El caso es que esta misma mañana he coordinado una reunión con el Consejo Dirigente del Gobierno de Oceanía, tras la cual he decretado la disolución inmediata del gobierno totalitario que yo presido, la reinstauración de todas las libertades individuales y comunitarias y la convocatoria de un gobierno de salvación nacional cuyo poder se configurará en virtud de las resoluciones dimanantes de las asambleas populares, que a partir de este momento vuelven a ser legales.

Asimismo, como custodio que soy del conjunto de los bienes del estado, enajeno todas las propiedades, divisas y el oro de la reserva nacional con carácter urgente y lo pongo a disposición de dichas asambleas, para aliviar lo antes posible el sufrimiento de nuestros compatriotas más desfavorecidos y necesitados.

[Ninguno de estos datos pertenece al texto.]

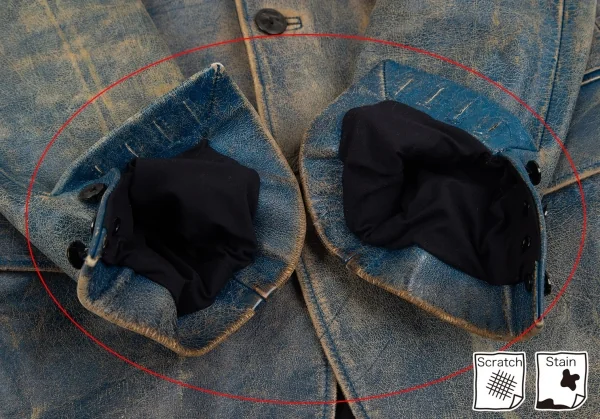 袖先・袖裏・襟裏にスレと汚れ、裏地に毛羽立ちがあります(画像参照)。その他目立ったシミ、汚れ、ほつれ等ありません。クリーニング済み

Por otro lado, dentro de tres días me desplazaré a Germania, donde he organizado un encuentro con los mandatarios de Eurasia y de Estasia para rubricar un acuerdo trilateral que siente las bases de un armisticio duradero y de una cooperación multinacional basada en la libertad, la igualdad y la fraternidad entre nuestros pueblos.

Y por último, deciros, hermanos de Oceanía, que cuando termine dicho encuentro regresaré a Londres para poner a vuestra disposición mi persona y mi vida. Deseo, si vosotros convenís conmigo, ser juzgado por un tribunal popular y que mi suerte sea decidida mediante un sufragio al que pueda concurrir libremente cualquier ciudadano de esta nación.

Que Dios me perdone y conceda larga vida al honorable pueblo de Oceanía.